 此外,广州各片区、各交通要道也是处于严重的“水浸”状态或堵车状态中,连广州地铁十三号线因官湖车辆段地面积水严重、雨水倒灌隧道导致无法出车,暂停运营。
------------------------------------
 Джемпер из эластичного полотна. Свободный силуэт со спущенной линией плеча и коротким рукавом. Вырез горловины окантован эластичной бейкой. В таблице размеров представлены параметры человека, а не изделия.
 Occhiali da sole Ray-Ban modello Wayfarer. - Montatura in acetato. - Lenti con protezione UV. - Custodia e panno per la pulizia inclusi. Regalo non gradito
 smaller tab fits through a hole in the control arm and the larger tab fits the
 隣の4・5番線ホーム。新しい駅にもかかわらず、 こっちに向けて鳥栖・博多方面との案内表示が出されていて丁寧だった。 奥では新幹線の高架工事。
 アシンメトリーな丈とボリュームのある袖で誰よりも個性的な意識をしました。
------------------------------------
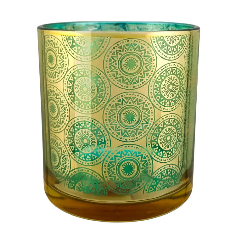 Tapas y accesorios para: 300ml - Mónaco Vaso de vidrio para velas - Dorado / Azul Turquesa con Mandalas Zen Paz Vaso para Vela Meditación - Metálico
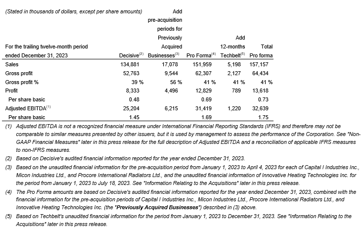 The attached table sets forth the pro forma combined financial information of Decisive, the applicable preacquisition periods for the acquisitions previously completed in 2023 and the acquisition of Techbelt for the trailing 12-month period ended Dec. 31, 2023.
------------------------------------
▶ **Brief**
In your answer, include only the lines above starting at the line that holds "Джемпер из эластичного" and ending at the line that holds "アシンメトリーな丈とボリュームのある袖で誰よりも個性的な意識をしました。", copied exactly.

▶ **Task answer**
 Джемпер из эластичного полотна. Свободный силуэт со спущенной линией плеча и коротким рукавом. Вырез горловины окантован эластичной бейкой. В таблице размеров представлены параметры человека, а не изделия.
 Occhiali da sole Ray-Ban modello Wayfarer. - Montatura in acetato. - Lenti con protezione UV. - Custodia e panno per la pulizia inclusi. Regalo non gradito
 smaller tab fits through a hole in the control arm and the larger tab fits the
 隣の4・5番線ホーム。新しい駅にもかかわらず、 こっちに向けて鳥栖・博多方面との案内表示が出されていて丁寧だった。 奥では新幹線の高架工事。
 アシンメトリーな丈とボリュームのある袖で誰よりも個性的な意識をしました。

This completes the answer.